## Brief
Images aside, the whole listing should be written out word for word.

## Available data
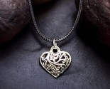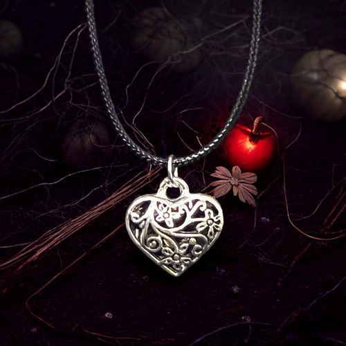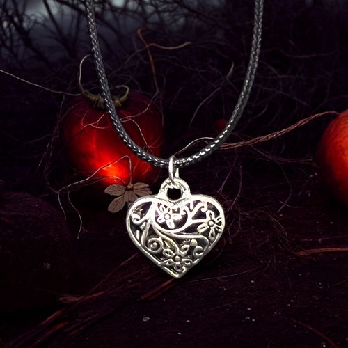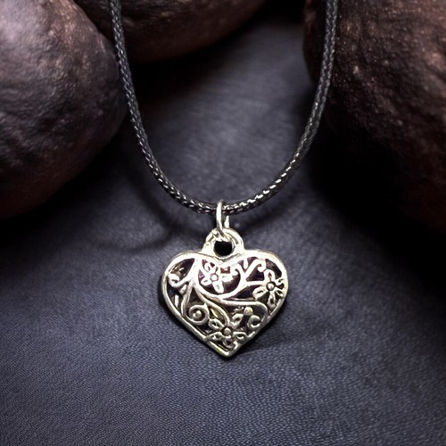 "Charming heart-shaped pendant adorned with intricate floral engravings, exuding vintage elegance and timeless beauty. Made from high-quality silver and paired with a durable black cord, this necklace is perfect for romantic occasions, everyday wear, or as a heartfelt gift for someone special. A delicate piece that adds a touch of grace to any outfit."
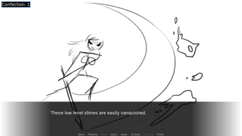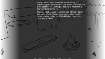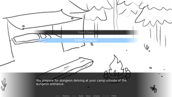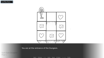 It's in the format of a visual novel mixed with something like a board game with dice rolls used to move your character token on the dungeon board.
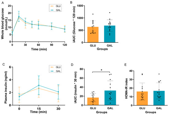- Stahel, P.; Kim, J.J.; Xiao, C.; Cant, J.P. Of the milk sugars, galactose, but not prebiotic galacto-oligosaccharide, improves insulin sensitivity in male Sprague-Dawley rats. PLoS ONE 2017, 12, e0172260. [Google Scholar] [CrossRef]
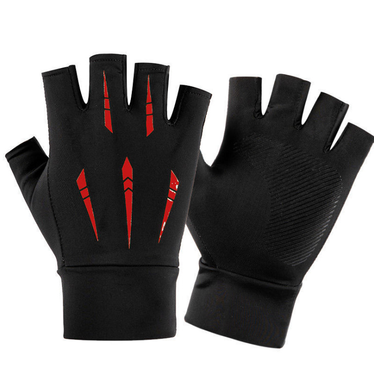 新款夏季冰丝手套露二指高弹透气防晒速干骑行薄款防滑钓鱼半指男

## Exercise result
 "Charming heart-shaped pendant adorned with intricate floral engravings, exuding vintage elegance and timeless beauty. Made from high-quality silver and paired with a durable black cord, this necklace is perfect for romantic occasions, everyday wear, or as a heartfelt gift for someone special. A delicate piece that adds a touch of grace to any outfit."
 It's in the format of a visual novel mixed with something like a board game with dice rolls used to move your character token on the dungeon board.
- Stahel, P.; Kim, J.J.; Xiao, C.; Cant, J.P. Of the milk sugars, galactose, but not prebiotic galacto-oligosaccharide, improves insulin sensitivity in male Sprague-Dawley rats. PLoS ONE 2017, 12, e0172260. [Google Scholar] [CrossRef]
 新款夏季冰丝手套露二指高弹透气防晒速干骑行薄款防滑钓鱼半指男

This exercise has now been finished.